Sunday, January 14, 2007

Tenant Based Applications; NovaJUG November meeting

Hugh Brien works for the Wiley Technology Division of Computer Associates, which does Web application performance monitoring (HTTP & J2EE). They also provide HTTP traffic monitoring at the IP level, measuring true response times all the way to the browser.

Having introduced himself, Brien began explaining the tenant based application model. The application is a tenant in a large building; just like a hosting environment, the application lives in a larger infrastructure.

He used Salesforce.com as the example, not because he wanted to sell Salesforce, but because it is the best known example of Software as a Service.

Brien contrasted the cost of SaaS with the cost of hosting your own applications: hardware, software & maintenance , overhead, personnel, and bandwidth. Other than Salesforce, SaaS providers include Netsuite (SRM/ERP Solution) and RightNow (SRM Solutions). Possible new players include SAP (which is going to build its own JVM and Brien indicated that SAP is not easy to work with), Oracle, and some others.

He said that Salesforce offers a comprehensive set of web services API’s for: JAVA, .Net, PHP, and Ruby.

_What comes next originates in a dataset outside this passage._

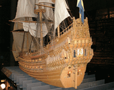 瓦薩船建於一六二五年,是瑞典國王古斯塔夫二世下令建造。它是一艘戰艦,為了向普魯士國王示威而造。這艘雕飾最為華麗、最威風凜凜的木造戰艦,造價在當時可說是世界之最,此船歷時三年建造成功,於一六二八年八月十日舉行隆重的下水首航儀式。
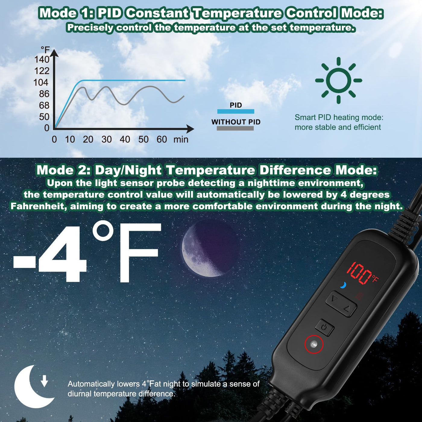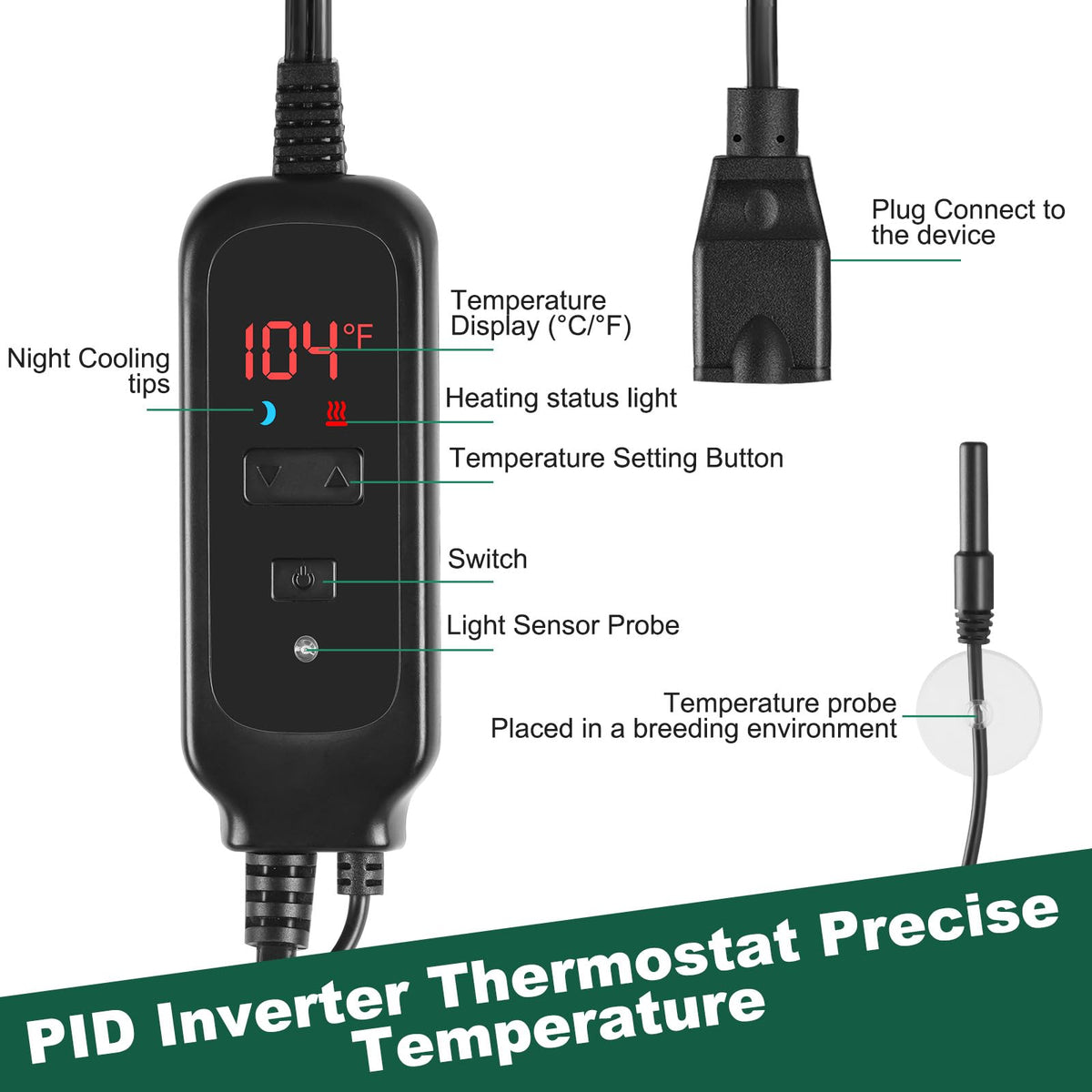 Dxophiex Reptile Light Fixture With Dimming Thermostat Integrates Illumination And Temperature Control,Combines Illumination And Heating In One, Utilizing The Intelligent Pid Heating Mode Combined With A Light-Sensitive Probe To Accurately Control The Temperature. It Ensures That The Heat Lamp For Lizard Always Maintains The Ideal Range Of 20C To 45C (68F To 113F).Supporting Free Switching Between Celsius And Fahrenheit Temperature Units, Temperature Management Becomes More Intuitive. The Bearded Dragon Light Fixture Is Etl Certified, Compatible With E26 Lamp Bases, And Can Handle Power Up To 150W. The Reptile Dome Light Fixture Is Made Of High-Quality Aluminum Alloy To Enhance Brightness And Heat Reflection, Boosting Uva/Uvb Light Source Output. Additionally, The High-Precision Digital Temperature Controller Monitors And Adjusts The Temperature In Real-Time, Making It Easy To Operate And Widely Suitable For Bearded Dragons, Lizards, Chicks,Turtles, Hermit Crabs, Frogs, Snakes, Leopard Geckos, Ball Pythons, And Other Reptiles And Amphibians.

Here, Brien began a demonstration using NovaJUG meeting attendees as an example. From my notes:
simple application w/ context
- add object
->call it a class
description
class w/ enrollment & topic
enable reports
add fields
new
custom fields

text based topic

just use metadata

drop down list to add fields - all schema automatically generated

(Here, someone asked if Salesforce was a black box and therefor if you wanted to host your own application, that you would be out of luck. Brien said yes.)

Brien continued the demonstration.

From my notes:

Salesforce
add data available via web services:
.Net
jsp
Ruby
java
PHP

Samples can be downloaded from the Salesforce website.

After the Salesforce demonstration, Brien spoke briefly about Wiley Technology’s web application performance monitoring. It seems everyone makes the same mistakes, either pig in the python (one big slow call), or Death by a thousand cuts (too many little calls).

Brien discussed the need for building a proper ratio of work threads to database connections. He said the out of box connection defaults are too low.

Brien recommended JMeter as a good load tester, and advised that testing at the five user level for a couple of hours would tell you a lot.